Ta: egli, altro. Ko: stesso, proprio, personale. Forma anonima di jiko

14 Dharma significa qui l’insegnamento del Buddha

15 Jisho: essenza propria

Ji: vedi Jiko. Sho: essenza, natura, carattere, qualità

16 Dori: do: via, traiettoria; andamento del mondo; ordine del mondo; retta via;
parlare; dire.

Ri: disegno di linee in una giada; linee fondamentali, tratti fondamentali; ordine;
intima natura delle cose. Con la traduzione “stato di cose” deve essere
sottolineato che si tratta in Dogen sempre di stati concreti relativi al corpo,
stati da intendere come un intreccio di relazioni.

17 Dogen rappresenta una particolare dottrina per ciò che riguarda il riferimento
tra pratica e risveglio. In rapporto al vigente insegnamento di allora che tutti
gli esseri sono già originariamente risvegliati, fin da molto presto Dogen nutriva
in sé già la domanda se allora la pratica buddista potesse avere ancora un senso.
Egli risolve questa domanda pensando che per lui la pratica è allo stesso tempo
sempre risveglio e risveglio è sempre allo stesso tempo pratica. Con questo tenta
di superare qualsiasi possibile residuo sostanzialista, nel senso che “risveglio”
non è già qualcosa (corsivo del traduttore) “di dato” a partire dall’inizio. E'
importante da prendere in considerazione che per Dogen tutto può diventare pratica
in senso Buddista; non solo un’esecuzione rituale nel senso più stretto, ma tutto
ciò che l’uomo fa, può essere “pratica”. Non ci deve essere l'equivoco che pratica
sia un semplice studio di qualcosa per poi padroneggiarlo. Non si dà una pratica a
cui poi segua un risveglio ancora da raggiungere. “Pensare che pratica e risveglio
non siano uno, è un'opinione esterna. Nel Buddha-Dharma pratica e risveglio sono la
stessa cosa. Siccome ora anche [la pratica] è praticare nel risveglio, la prassi
dello Zen del principiante è già il tutto del vero e proprio risveglio. Siccome le
cose stanno così, nella preparazione alla pratica viene detto: non aspettare il
risveglio all'infuori della pratica, siccome essa deve far mostrare il vero e
proprio risveglio immediatamente. Se risveglio è già nella pratica, non c'è nel
risveglio nessun limite, se la pratica è nel risveglio non c'è nella pratica nessun
inizio.” Dogen, Bendowa.

18 ho'i: rango del Dharma

Ho: vedi Dharma. I: luogo, posto; trovarsi; inserire, posizione, posto, rango;
seggio; trono; regnare

19 Zengosaidan – recisione di ‘prima e dopo’
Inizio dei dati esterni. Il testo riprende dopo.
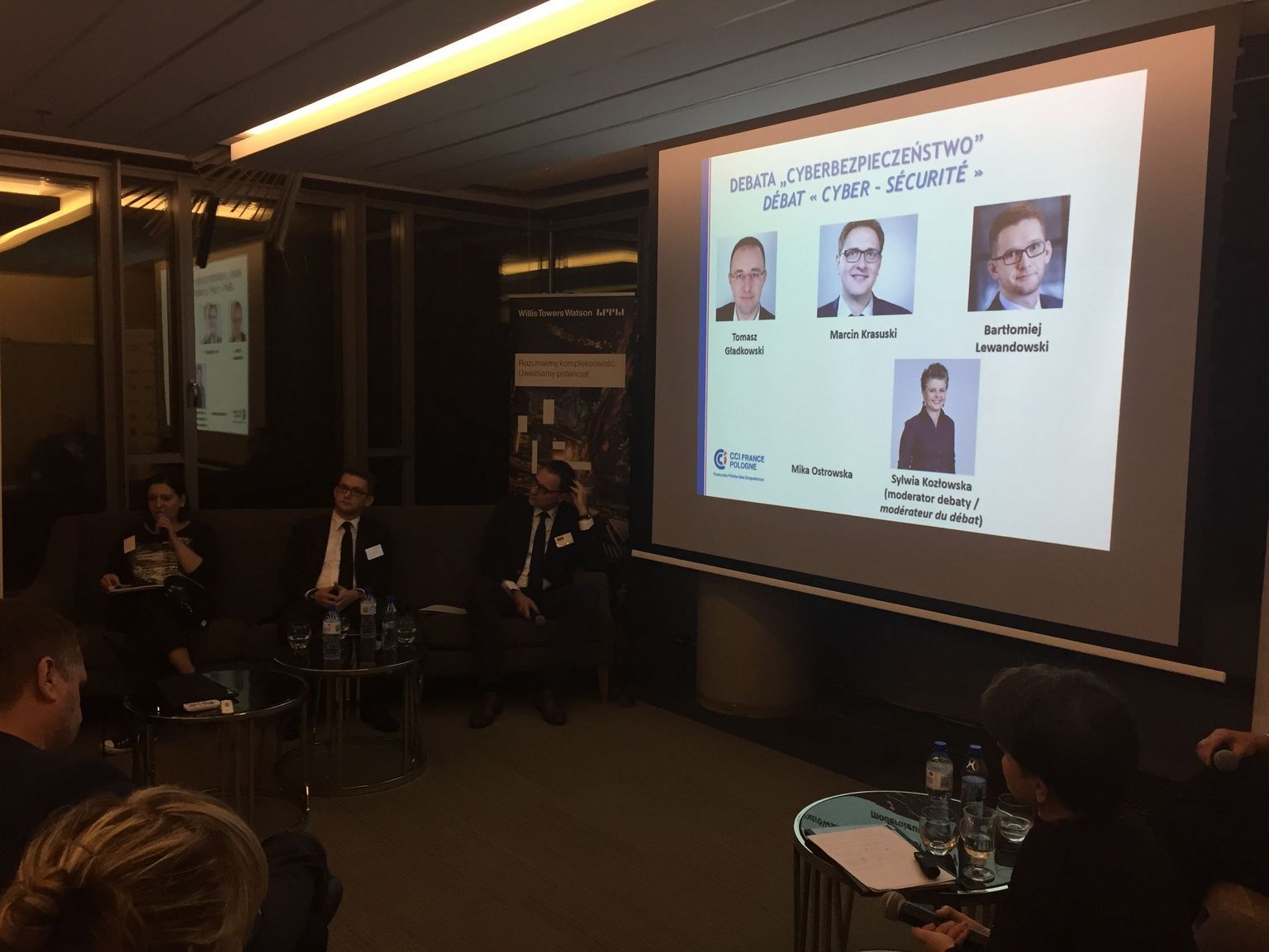 Sylwia Kozłowska, Directrice du Département des Assurances Civiles chez Willis Towers Watson, a inauguré le débat sur la cybersécurité en présentant la situation actuelle et les enjeux pour les entreprises. Tomasz Gładkowski, PDG de la société Eversys a souligné, qu’actuellement chaque entreprise peut devenir cible des hackers. Leurs motifs sont différents : volonté de s’enrichir, faire le chaos, mais également de baisser les actif d’une société et de sa valeur, afin de permettre aux concurrents de l’acheter ? bon prix. Mika Ostrowska, Responsable du Département des Operations de Sécurité chez Orange a dit que par rapport ? l’année précédente on observe la croissance des cyberattaques de plus de 200%. C’est l’effet du développement technologique et des nouvelles méthodes utilisées par des hackers. M. Marcin Krasuski, Head of Digital Practice chez CEC Government Relations a souligné le rôle des nouveaux règlements relatifs ? la cybersecurité, notamment le dispositif de l’UE qui oblige des administrateurs des données ? informer, en cas d’infraction, non seulement l’administration publique mais également les personnes physiques dont les données pouvait être utilisées de manière illégale. Bartłomiej Lewandowski, Cyber Practice Leader chez Colonnade, ? son tour a dit que les compagnies d'assurance proposent déj? des solutions qui peuvent amortir les effets néfastes des cyberattaques. Le marché polonais des assurances cybernétiques est proche du marché espagnole – la conscience du problème auprès des entrepreneurs est en croissance, ce qui se traduit par la plus grande popularité de tels types d’assurances dans le business.

Zen: prima. Go: dopo. Sai: punto di contatto, limite, bordo; luogo; tra; occasione,
circostanza; momento. Da: tagliare via, dividere, interrompere, decidere,
decisione.

20 Horin: ruota del Dharma

Ho: vedi Dharma. Rin: ruota. Horin significa il girare la ruota del Dharma, cioè
l’attualità dell’insegnamento del Buddha.

21 fusho-fumetsu - non divenire-non cessare


Fu: non, in-.

Sho: vita, partorire, far nascere, formare, nascere, crescere; fresco, acerbo, (in
senso buddista:) esistenza, nascita: Vedi Shoji.

Metsu: affondare, cessare, spegnere, annientare; impermanenza; nirvana

22 Toku: qualità; virtù, caratteristica; merito; capacità; effetto.

23 Secondo una dottrina del Buddismo diversi esseri vedono il mare molto
diversamente: per i pesci è un palazzo, per gli Dei una collana di perle, per gli
uomini semplicemente acqua e per i demoni sangue e pus.

25 Mitsu’u: l’essere nascosto. Mitsu: occultato, misterioso, nascosto. U: vedi Uji.

26 Possibile lettura alternativa della frase: “La riuscita della conoscenza è


incerta”.

27 Dori. Do: via, traiettoria; andamento del mondo; ordine del mondo; retta via;
parlare; dire. Ri: disegno di linee in una giada; linee fondamentali, tratti
fondamentali; ordine; intima natura delle cose.

28 La citazione si trova nel 4° libro del Shumon Rentoeyo. Cfr. Dainihon zokuzokyo,
v. 136, copertina n. 9, quaderno 3, 252.